* **WHAT NEEDS TO BE DONE**: Please output the listing that follows exactly, but keep all images out.

* **SUPPLIED MATERIAL**:

* * * * * * *

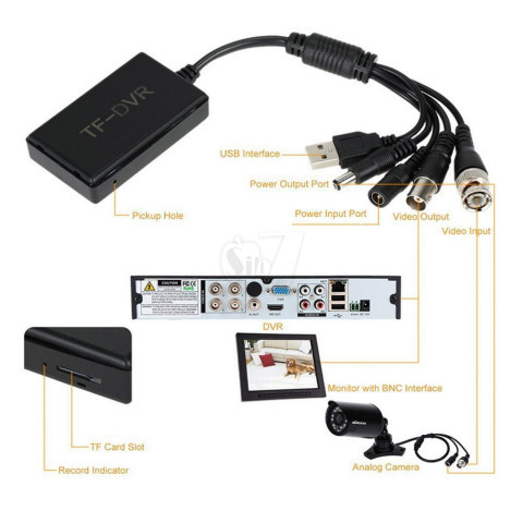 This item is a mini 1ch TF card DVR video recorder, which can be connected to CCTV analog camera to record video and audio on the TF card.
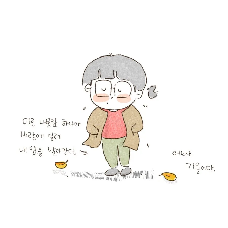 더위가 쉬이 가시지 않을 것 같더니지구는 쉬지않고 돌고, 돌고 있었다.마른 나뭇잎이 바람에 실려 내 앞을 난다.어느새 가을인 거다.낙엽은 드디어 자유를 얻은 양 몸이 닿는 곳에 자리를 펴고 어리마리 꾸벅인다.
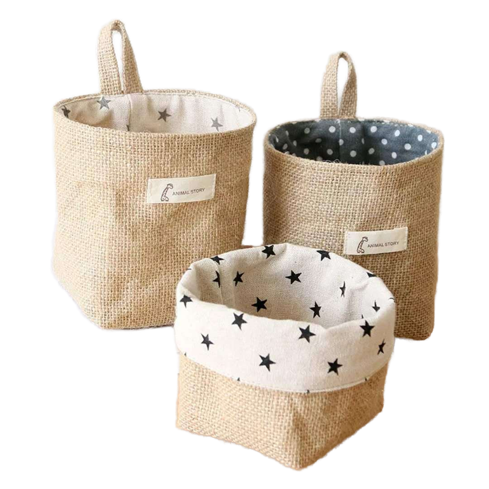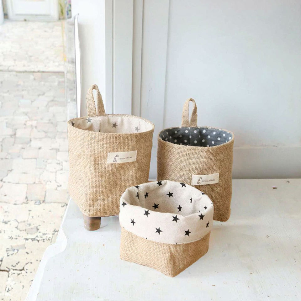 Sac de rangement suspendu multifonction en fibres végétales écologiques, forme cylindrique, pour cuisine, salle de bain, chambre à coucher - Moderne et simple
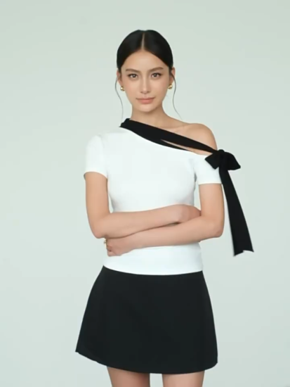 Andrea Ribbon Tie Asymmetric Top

* * * * * * *

* **WRITTEN REPLY**:
 This item is a mini 1ch TF card DVR video recorder, which can be connected to CCTV analog camera to record video and audio on the TF card.
 더위가 쉬이 가시지 않을 것 같더니지구는 쉬지않고 돌고, 돌고 있었다.마른 나뭇잎이 바람에 실려 내 앞을 난다.어느새 가을인 거다.낙엽은 드디어 자유를 얻은 양 몸이 닿는 곳에 자리를 펴고 어리마리 꾸벅인다.
 Sac de rangement suspendu multifonction en fibres végétales écologiques, forme cylindrique, pour cuisine, salle de bain, chambre à coucher - Moderne et simple
 Andrea Ribbon Tie Asymmetric Top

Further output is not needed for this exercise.